First of all, the rise in asset prices, notably real estate, had been building up even before the Plaza Accord. One key reason behind the increase was the aggressive growth in credit, notably to the real estate sector. This was itself prompted by a host of structural reasons, including inter alia:
The liberalization of interest rates, which, by raising deposit rates, reduced banks’ profit margins and forced them to look for higher-yielding lending opportunities; the opening up of capital market access to corporates, which shifted part of the corporate funding away from the banks and towards the capital markets—this pushed banks to look for new clients to lend, often with higher risk characteristics; and a distorting tax regime governing the real estate sector, which encouraged the holding onto real estate assets, thus restricting supply, while demand was rising.
If there is a lesson for China here, it has little to do with exchange rate policy. Instead, it is that preventing the build-up of bubbles requires a robust regulatory framework for the financial sector—one that penalizes excessive risk-taking and dampens the procyclicality of credit (a lesson that we have come to learn yet again in the aftermath of the subprime debacle).

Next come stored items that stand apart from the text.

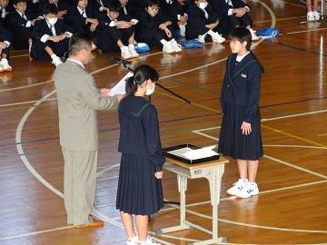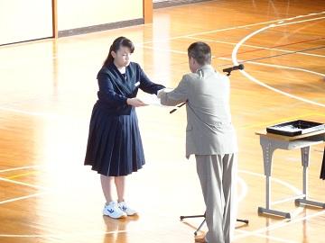| | 6日(月)に生徒朝会を行いました。 生徒会長の挨拶から始まり、まず、音楽委員会から合唱コンクールでの学級紹介・BGMで優秀な成績であったクラスの表彰を行いました。その後、弓張賞をはじめ最近実施のポスターコンクールや英語弁論大会で優秀な成績であった生徒への表彰を行いました。最後に、生徒会長からの話と各委員会等からの連絡があり、生徒朝会を終えました。朝会後には、各学年の先生からの話を聞いてすべてを終えました。 合唱コンクール後の新しい週が始まります。気持ちを切り替えて生活していきたいものです。 |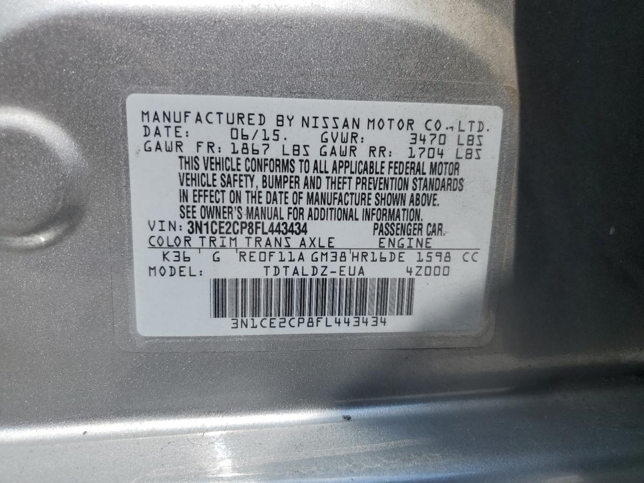 2015 NISSAN VERSA NOTE - 3N1CE2CP8FL443434, колір - Сірий, 1.6, Бензин, із США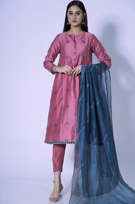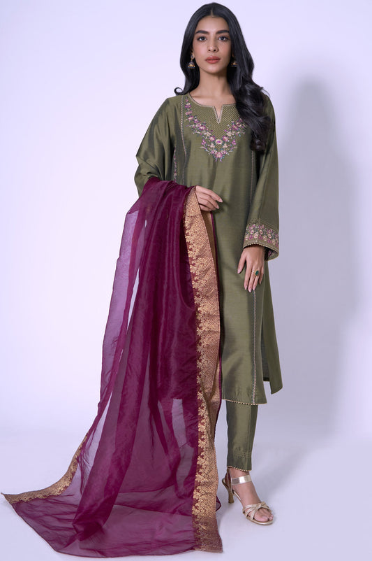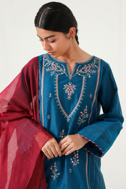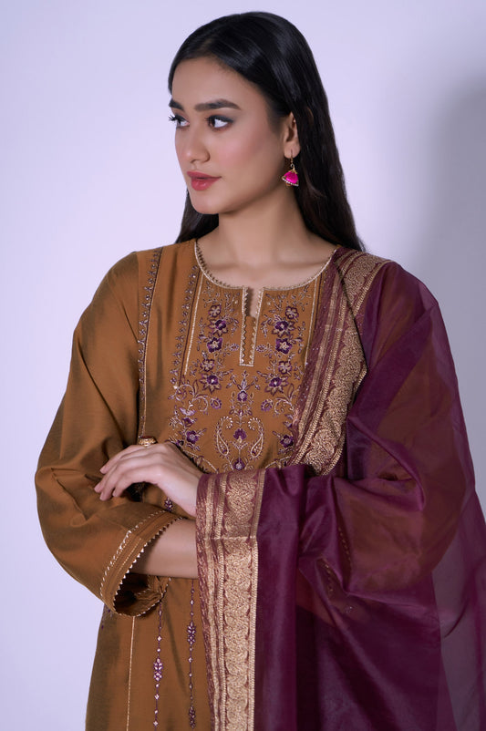 Stitched 3 Piece Cotton Silk Embroidered Outfit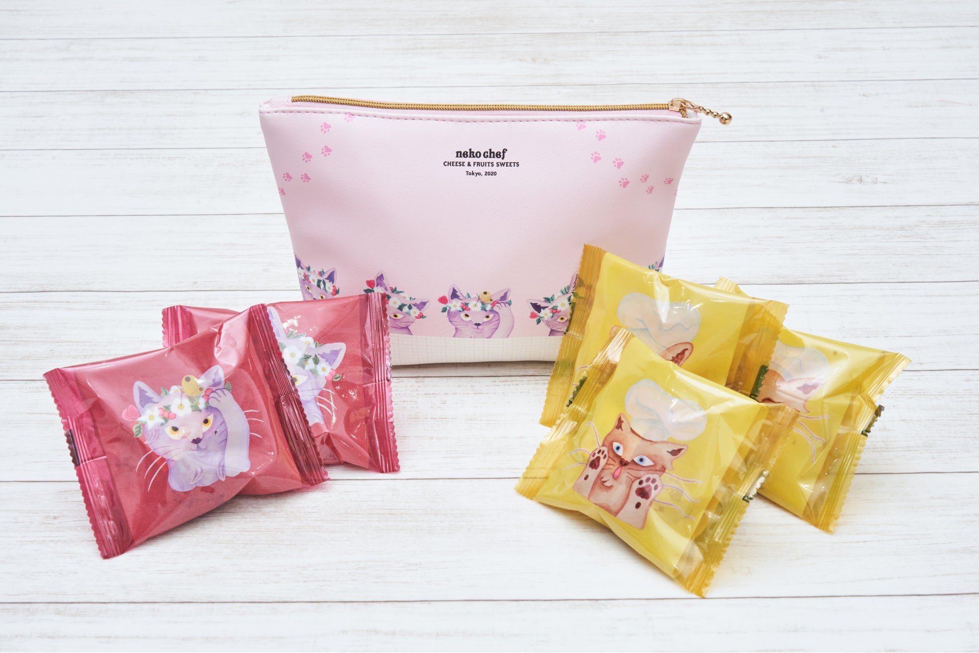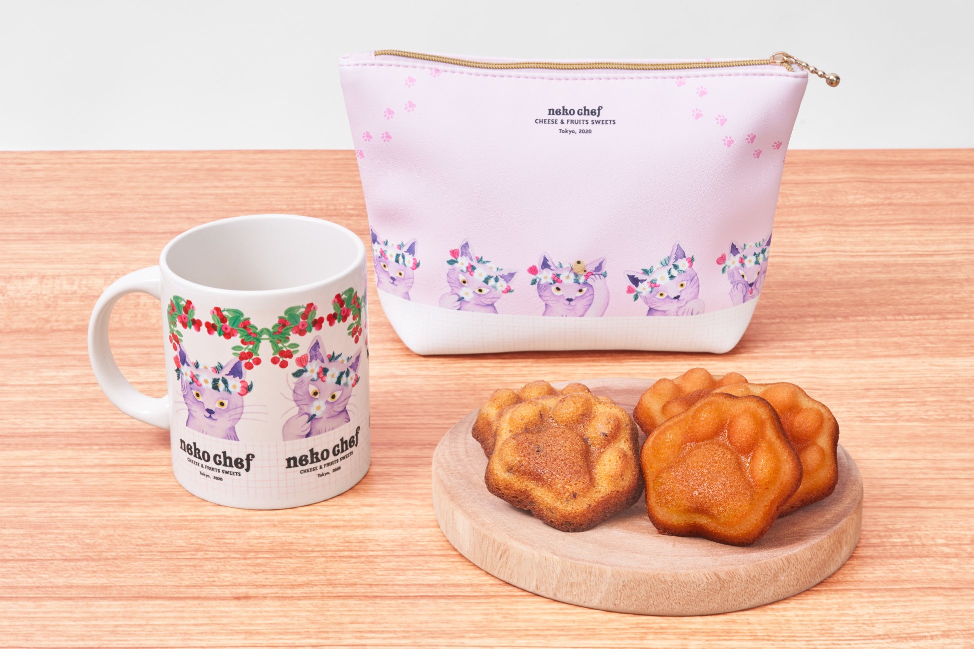 デザインはポーチ・マグカップともに、「ネコシェフ」が片想い中の「ソフィ」の柄でご用意致しました!スイーツ好きの方にはもちろん、ネコ好きの方にはたまらないイベントです!可愛らしいネコシェフの世界観とともに、絶品のスイーツをお楽しみ下さい!

The second lesson from Japan’s experience has to do with the role of monetary policy in contributing to the boom and bust. And here is where the Plaza Accord deserves criticism—though not for its prescription on exchange rates!
You see, the agreement was not *just* about foreign exchange intervention to realign the nominal exchange rates; it also prescribed global coordination of macroconomic policies to correct the global BoP imbalances. This latter component was a key factor behind the Bank of Japan (BoJ)’s loosening of monetary policy during 1986-87.

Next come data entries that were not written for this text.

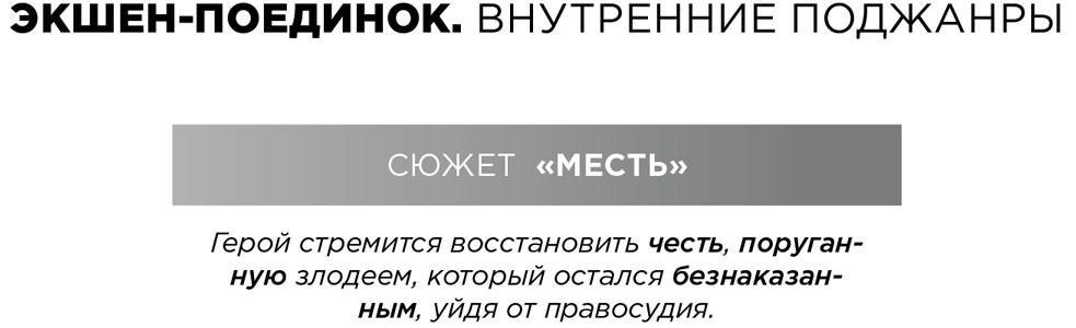 Мы разобрали четыре поджанра экшена и шестнадцать внутренних поджанров, отмечая использованные авторами знакомые черты жанра, но при этом мы понимаем, что эти условности, конвенции не аксиома. Зритель и читатель любит условности, но не требует их непременного наличия. Чтобы экшен получался живым и сильным, форму освоить необходимо, но затем придется импровизировать и придумывать что-то с чистого листа для будущих поклонников. Поэтому давайте претворять в жизнь свою любовь к экшену, руководствуясь чувством творческой свободы.
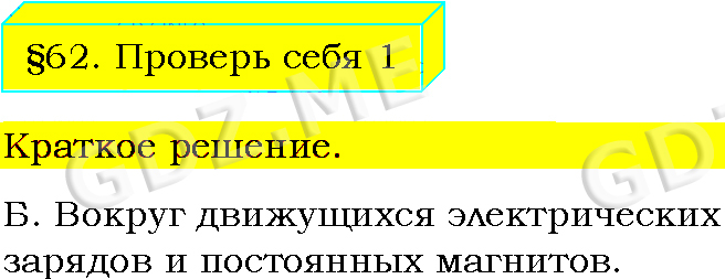 Подробный вариант решения из решебника (ГДЗ): Задание номер 1 (§62. Действие магнитного поля на проводник с током. Электрический двигатель. Проверь себя) по предмету Физика, за 8 класс, авторы учебника Пёрышкин А.В..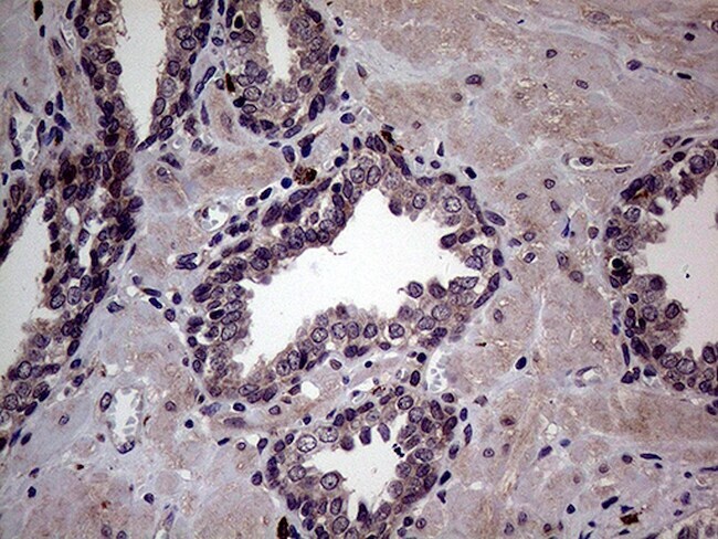 - Immunohistochemical staining of paraffin-embedded human prostate tissue within the normal limits using anti-MAPK8IP1 mouse monoclonal antibody. (Heat-induced epitope retrieval by 1mM EDTA in 10mM Tris buffer (pH8.5) at 120°C for 3 min, TA809895)(1:150).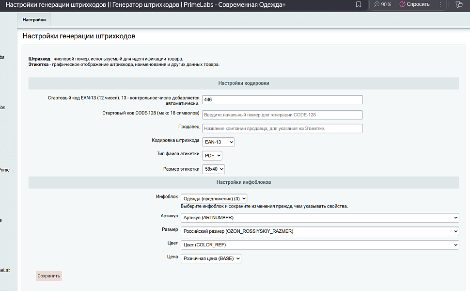 Поможем с настройкой "Генератор штрихкодов (barcode) в EAN-13, CODE-128 | PrimeLabs"

As three Japanese academics document here, the BoJ had expressed concern early on about the easy money, the concomitant speculative activity in the real estate and stock markets, and the dangers of a subsequent debt deflation. However, the BoJ proceeded with rate cuts, partly in the face of pressures by its trading partners to stimulate domestic demand (these pressures were made explicit in the Louvre Accord in February 1987, under which Japan pledged another 50bp rate cut in its policy rate).
One can debate of course how big a role monetary policy in itself can play in fuelling asset bubbles of the scale experienced in Japan in the late 1980s. Indeed, those who object to the premise will find a staunch ally in Ben Bernanke! But my main criticism here is that, by calling for stimulative monetary and fiscal policies, Japan’s trading partners confused the cyclical from the structural causes of the global imbalances. The result was a monetary stance that was too loose for Japan; and the diversion of attention away from corrective measures that had to be taken by the likes of the United States.
The situation is somewhat different at the current juncture with China. First, few people dispute that the key reasons behind China’s external surpluses are structural—and, therefore, nobody is really asking China to take inappropriately stimulative measures to increase domestic demand. In the same vein, there is no doubt that structural reforms to rebalance growth domestic demand and, notably, private consumption, would be welcome by the global community.
But this is no reason to dismiss the exchange rate revaluation as *one* corrective tool: First, as I argued here, China has yet to bear the brunt of the (cyclical) correction of global imbalances since the onset of the financial crisis: Even as its own trade surplus has shrunk, the US trade deficit with China has barely moved in US GDP terms. Most of the US adjustment has been borne by other countries.
Importantly, a large exchange rate undervaluation in a country as large as China contributes to the misallocation of global resources—e.g. by prolonging the survival of inefficient companies/exporters in China and/or by encouraging the outsourcing of business to China thanks to an artificially low cost structure.
Bottom line, evoking Japan’s experience under the Plaza Accord as a reason to rebuff pressures to revalue the renminbi is misplaced, if not disingenuous. While nobody can dispute the need for a score of structural measures to fortify the financial sector and contain the formation of bubbles in China, maintaining an undervalued exchange rate can only serve mercantilistic objectives and/or protecting certain industries at the expense of a balanced, efficient and fair allocation of global resources.